I often write FM as carrier = WhateverOscillator.ar(freq * (1 + (index * modulator))). I find this avoids a lot of confusion about what needs to be multiplied where.

hjh

2 Likes

thank you.
ive implemented it like this and was playing around with the number of unison voices for the modulator and tried to compensate the higher amplitudes with fmod * numVoices.reciprocal.

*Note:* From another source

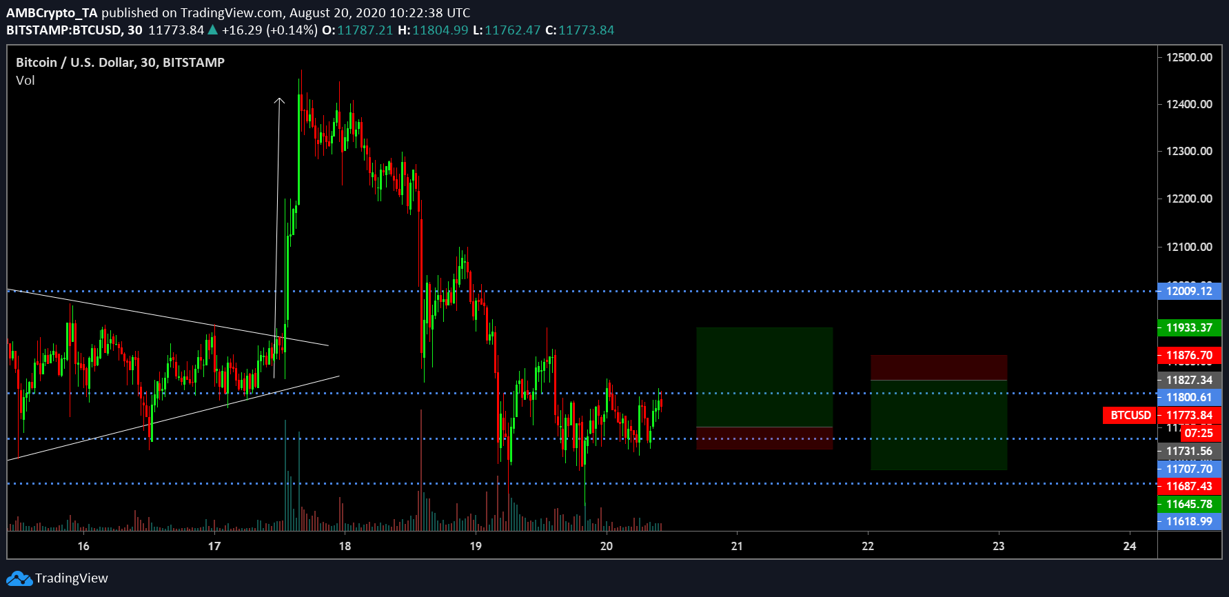 بالنظر إلى حقيقة أن البيتكوين كانت تتعافى من قاعها البالغ 11،574 دولارًا بالفعل ، فإن التحول المنطقي سيكون إعادة اختبار 12000 دولار مرة أخرى على الرسوم البيانية. للأسف ، في وقت كتابة هذا التقرير ، كانت EMAs تخيم اتجاهًا محددًا لعملة البيتكوين في المستقبل القريب.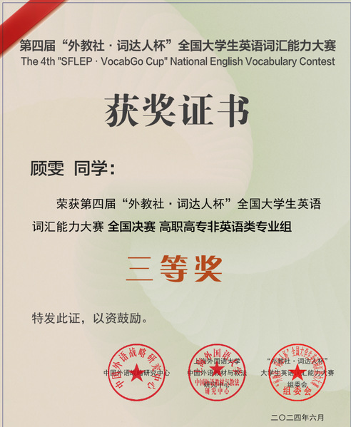 5月25日晚,经过前期校赛和省赛的角逐,我校顾雯、杨启明和刘雨三名同学代表我校,在敏行楼407参加第4届“外教社·词达人杯”全国大学生英语词汇能力大赛国赛。其中公共教学部英语教研室潘敏老师指导的23级金融服务与管理2班顾雯同学在国赛中脱颖而出,荣获国赛三等奖。

one question is: when i put in other values for \mRatio.kr(0.125) for example 0.10 or 0.20 i get really hard clicks for some values. not depending if its higher or lower than 0.125. why is that?
I thought that its because the frequency is negativ at some point and polled some values but i m not sure if thats the reason. i would like to avoid that while doing fm with low frequencies and high amplitudes for the modulator. any ideas?
EDIT: if you for example put in .wrap(0, 4pi) the sound is really different.

(
{
	var freq = \freq.kr(20.midicps);
	var numVoices = 2;

	var sig, fmod, freqs, gainEnv, iEnv;

	iEnv = EnvGen.ar(Env([0, 1, 0], [\iAtk.kr(0.34), \iRel.kr(0.01)], [\cAtk.kr(4.0), \cRel.kr(-4.0)]));
	gainEnv = EnvGen.ar(Env([0, 1, 1, 0], [\atk.kr(0.075), \dec.kr(0.25), \rel.kr(0.025)]), doneAction: Done.freeSelf);
	
	iEnv = \index.kr(3) + iEnv.linlin(0, 1, 0, \iEnvAmount.kr(12));
	
	freqs = freq * Array.fill(numVoices, { \detun.kr(1.008) ** Rand(-1.0, 1.0) });

	fmod = SinOsc.ar(freqs * \mRatio.kr(0.125)).sum * numVoices.reciprocal;
	sig = Saw.ar((freqs * \cRatio.kr(5) * (1 + (iEnv * fmod))).poll);
	
	sig = sig * gainEnv * \amp.kr(0.25);

	sig = Splay.ar(sig);
	sig = LeakDC.ar(sig);
}.play;
)

you are making a DC offset somehow:

(
{
	var freq = \freq.kr(20.midicps);
	var numVoices = 2;

	var sig, fmod, freqs, gainEnv, iEnv;

	iEnv = EnvGen.ar(Env([0, 1, 0], [\iAtk.kr(0.34), \iRel.kr(0.01)], [\cAtk.kr(4.0), \cRel.kr(-4.0)]));
	gainEnv = EnvGen.ar(Env([0, 1, 1, 0], [\atk.kr(0.075), \dec.kr(0.25), \rel.kr(0.025)]), doneAction: Done.freeSelf).poll;
	
	iEnv = \index.kr(3) + iEnv.linlin(0, 1, 0, \iEnvAmount.kr(12));
	
	freqs = freq * Array.fill(numVoices, { \detun.kr(1.008) ** Rand(-1.0, 1.0) });

	fmod = SinOsc.ar(freqs * \mRatio.kr(0.1)).sum * numVoices.reciprocal;
	sig = Saw.ar(freqs * \cRatio.kr(5) * (1 + (iEnv * fmod)));
	
	sig = sig * gainEnv * \amp.kr(0.25);

	sig = Splay.ar(sig);
	sig = LeakDC.ar(sig);
}.plot(0.5);
)

if you put the LeakDC before the gainEnv, it goes away:

(
{
	var freq = \freq.kr(20.midicps);
	var numVoices = 2;

	var sig, fmod, freqs, gainEnv, iEnv;

	iEnv = EnvGen.ar(Env([0, 1, 0], [\iAtk.kr(0.34), \iRel.kr(0.01)], [\cAtk.kr(4.0), \cRel.kr(-4.0)]));
	gainEnv = EnvGen.ar(Env([0, 1, 1, 0], [\atk.kr(0.075), \dec.kr(0.25), \rel.kr(0.025)]), doneAction: Done.freeSelf).poll;
	
	iEnv = \index.kr(3) + iEnv.linlin(0, 1, 0, \iEnvAmount.kr(12));
	
	freqs = freq * Array.fill(numVoices, { \detun.kr(1.008) ** Rand(-1.0, 1.0) });

	fmod = SinOsc.ar(freqs * \mRatio.kr(0.1)).sum * numVoices.reciprocal;
	sig = Saw.ar(freqs * \cRatio.kr(5) * (1 + (iEnv * fmod)));
	
	sig = LeakDC.ar(sig);
	
	sig = Splay.ar(sig);
	
	sig = sig * gainEnv * \amp.kr(0.25);

	
}.play;
)
1 Like

“Any ideas” would be, treat the signal ranges algebraically.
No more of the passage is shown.